• Data:
=== Begin Enclosure ===

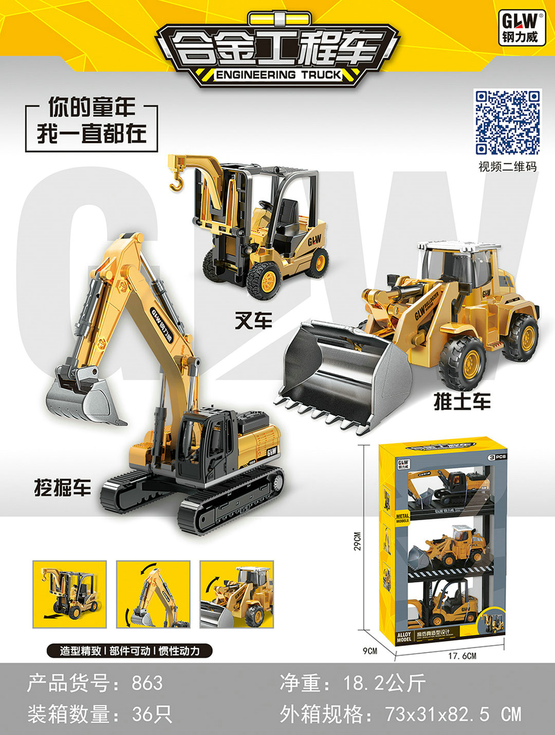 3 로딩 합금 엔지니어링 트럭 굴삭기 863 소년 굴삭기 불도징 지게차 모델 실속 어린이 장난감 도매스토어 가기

=== End Enclosure ===
=== Begin Enclosure ===

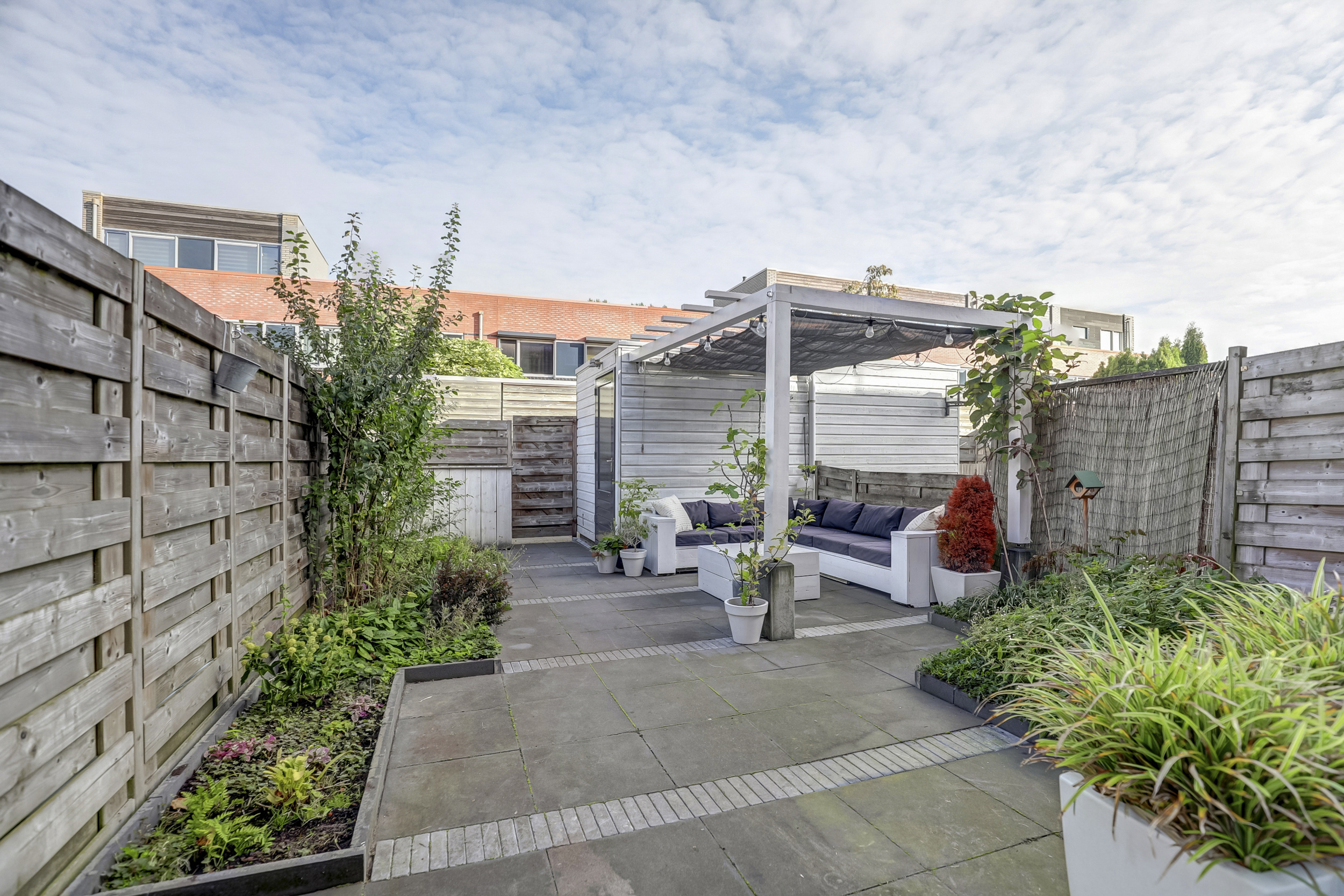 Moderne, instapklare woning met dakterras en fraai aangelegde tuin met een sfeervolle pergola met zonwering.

=== End Enclosure ===
=== Begin Enclosure ===

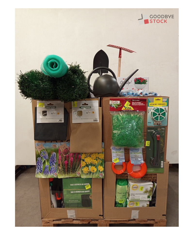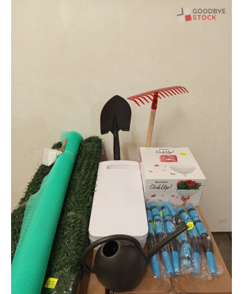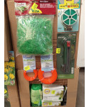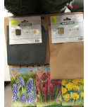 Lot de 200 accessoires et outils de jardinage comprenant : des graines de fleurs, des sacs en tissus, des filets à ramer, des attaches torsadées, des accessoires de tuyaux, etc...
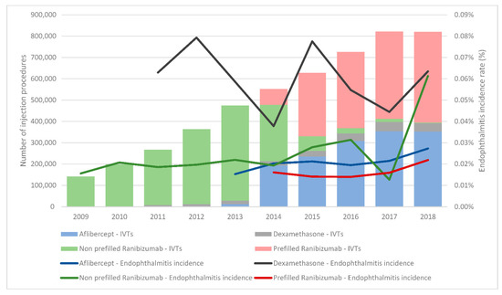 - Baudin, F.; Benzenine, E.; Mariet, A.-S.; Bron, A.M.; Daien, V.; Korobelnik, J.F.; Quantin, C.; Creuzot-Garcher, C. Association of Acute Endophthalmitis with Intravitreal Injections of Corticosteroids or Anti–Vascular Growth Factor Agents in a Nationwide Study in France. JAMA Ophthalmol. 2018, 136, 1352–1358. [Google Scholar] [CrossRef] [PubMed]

=== End Enclosure ===

• Directions for this task: Pictures aside, return exactly the lines from the data above, starting at the line that has "Lot de 200 accessoires" and ending at the line that has "- Baudin, F.;", both included.

• Reply:
 Lot de 200 accessoires et outils de jardinage comprenant : des graines de fleurs, des sacs en tissus, des filets à ramer, des attaches torsadées, des accessoires de tuyaux, etc...
 - Baudin, F.; Benzenine, E.; Mariet, A.-S.; Bron, A.M.; Daien, V.; Korobelnik, J.F.; Quantin, C.; Creuzot-Garcher, C. Association of Acute Endophthalmitis with Intravitreal Injections of Corticosteroids or Anti–Vascular Growth Factor Agents in a Nationwide Study in France. JAMA Ophthalmol. 2018, 136, 1352–1358. [Google Scholar] [CrossRef] [PubMed]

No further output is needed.